Они вышли во двор к полицейскому «джипу», который должен был увезти от них Апу. На улице к ним присоединились еще несколько любящих его созданий — попугай, укоризненно качающий хохолком, сидя на заборе, и две маленькие белые болонки, с дружным лаем бросившиеся к хозяину.
Рабан занял свое место и отвернулся, не желая мешать людям сказать друг другу самое важное в эти последние минуты.
Сначала Апу подошел к Нирмале, которая тоже была здесь, несмотря на свою слабость и прописанный доктором строгий постельный режим. Он низко поклонился ей, коснувшись пальцами стоп пожилой женщины.
— Благодарю вас за то, что вы сделали для моего брата, а значит, и для моей матери, и для меня. Вы самый родной нам человек, — нежно глядя на нее, произнес Апу.
Нирмала тут же принялась плакать в три ручья и уткнулась лицом в плечо Раджа.
— А ты, Джанеки, прости меня, если сможешь, — тихо сказал Апу не поднимающей головы девушке. — Ты должна знать, я не убивал твоего отца. Он сделал это сам, думая, что стреляет в меня. Правда, должен признать, что я предвидел это и подсунул ему пистолет, который карает задумавшего зло.
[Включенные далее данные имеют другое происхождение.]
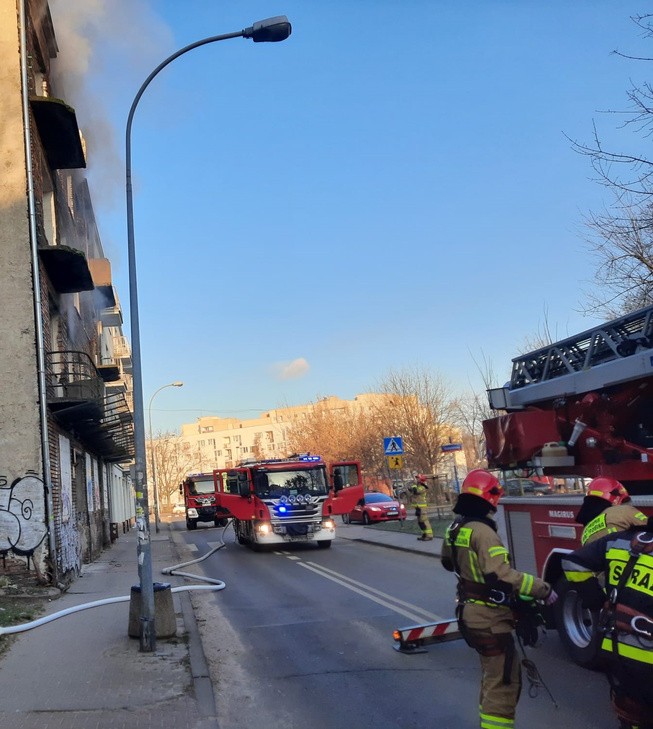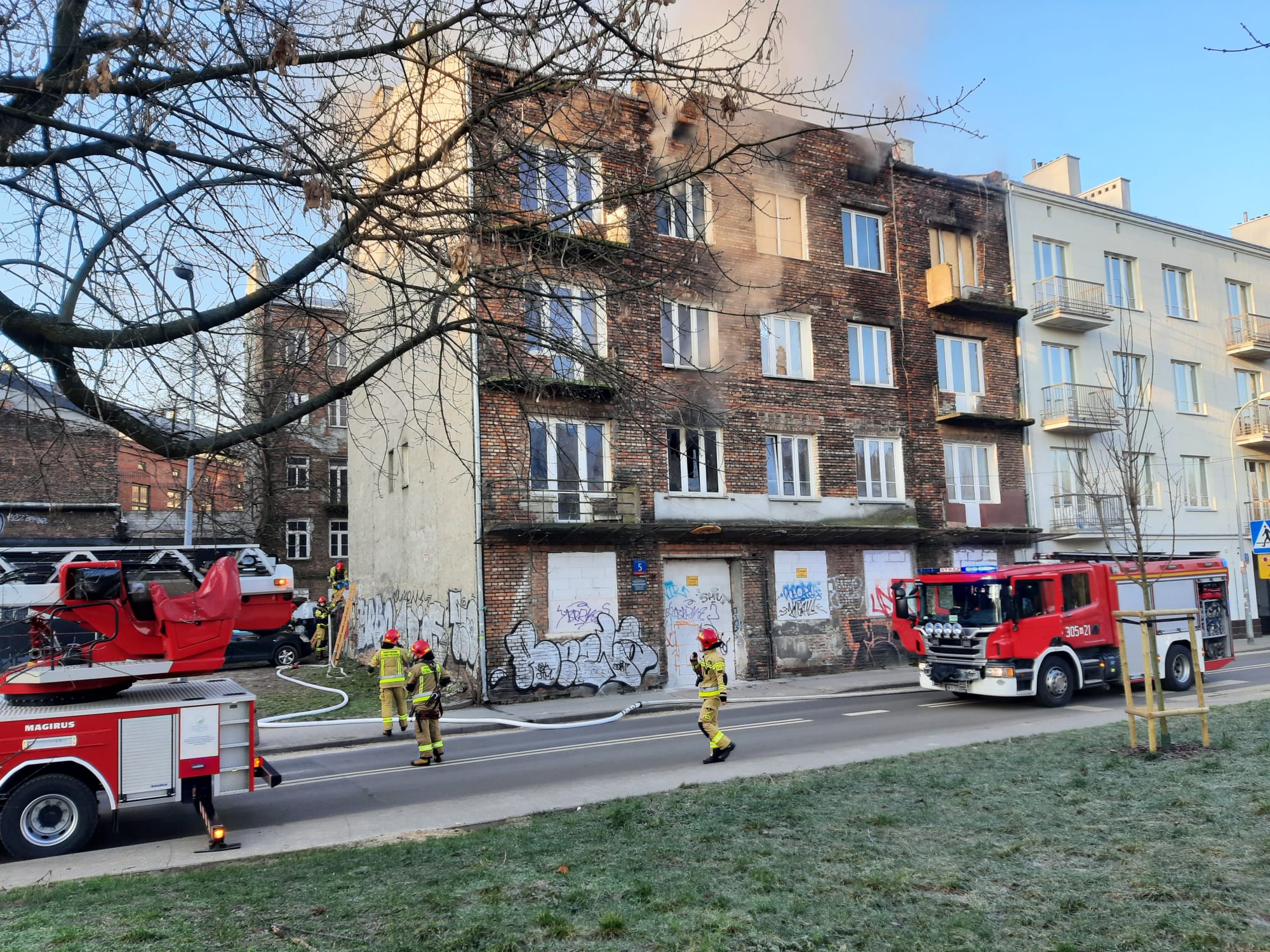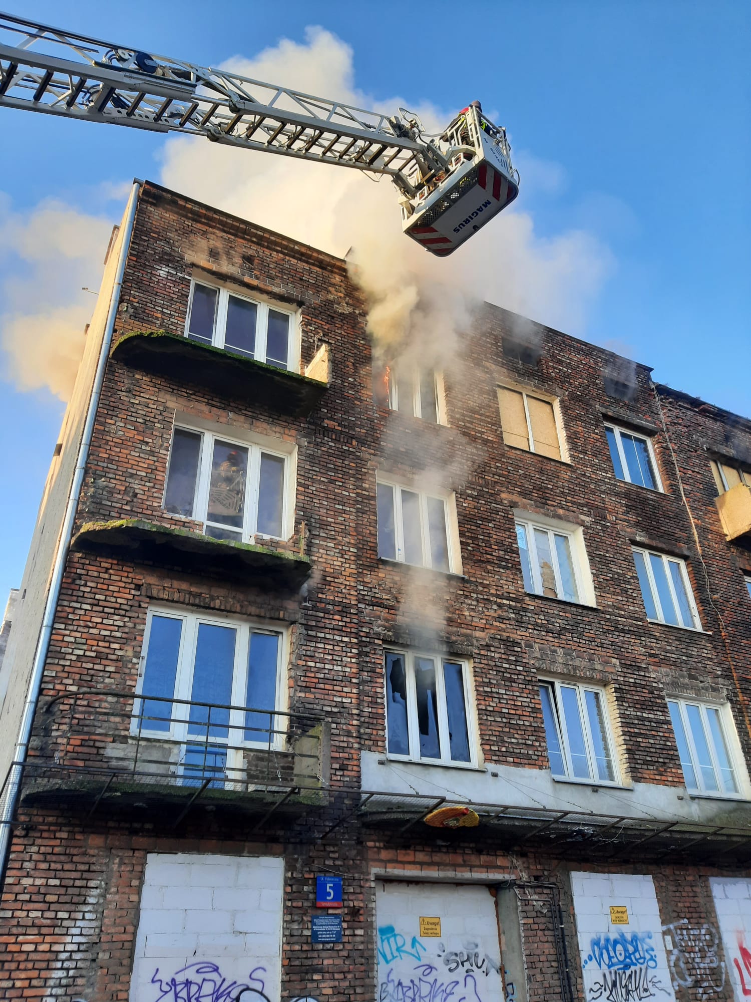 We wtorkowy poranek strażacy z JRG 5 otrzymali kolejne zgłoszenie o pożarze przy ul. Folwarcznej 5. Po przyjeździe na miejsce zdarzenia czterech zastępów PSP przystąpiono do rozpoznania, w wyniku którego stwierdzono pożar pomieszczenia na pierwszym i trzecim piętrze w budynku pustostanu. Działania polegały na zabezpieczeniu miejsca zdarzenia oraz podaniu dwóch prądów gaśniczych wody w natarciu. Jeden prąd podano z kosza drabiny SD-31, drugą linię gaśniczą rozwinięto po klatce schodowej do pomieszczenia objętego pożarem. W tym samym czasie rozpoczęto przeszukanie budynku pod kątem wystąpienia osób poszkodowanych. Po ugaszeniu pożaru, pustostan oddymiono oraz sprawdzono za pomocą kamery termowizyjnej w celu wykrycia potencjalnych zarzewi ognia. Podczas prowadzenia działań wyznaczona została rota ratownicza z własnych sił będących na miejscu akcji. Rozebrano dodatkowo ok 8 m2 drewnianego sufitu w celu pełnego sprawdzenia powierzchni pomiędzy piętrem trzecim, a poddaszem.

— Что мне сказать тебе? — отозвалась Джанеки, глядя в сторону. — У меня нет к тебе ненависти. Просто слишком много встало между мной и Раджем. Ведь… папа, — она с трудом выговорила это слово, — папа причинил вам всем так много горя… Я и не знаю, как нам теперь быть…
— Уверен, что вы справитесь, — улыбнулся Апу, ласково беря ее руку. — Правда, Радж? Ты не должна отвечать за поступки отца, так же, как и твой жених — за поступки своего неразумного брата.
Он подвел Джанеки к Раджу, чтобы тот мог обнять ее свободной рукой, не отстраняя от себя при этом плачущей Нирмалы. Тот прижал девушку к себе и, вздохнув, спросил у Апу:
— Продержишься в камере до утра один, не загрустишь слишком уж сильно? Завтра я туда наведаюсь — место знакомое, сам там сидел.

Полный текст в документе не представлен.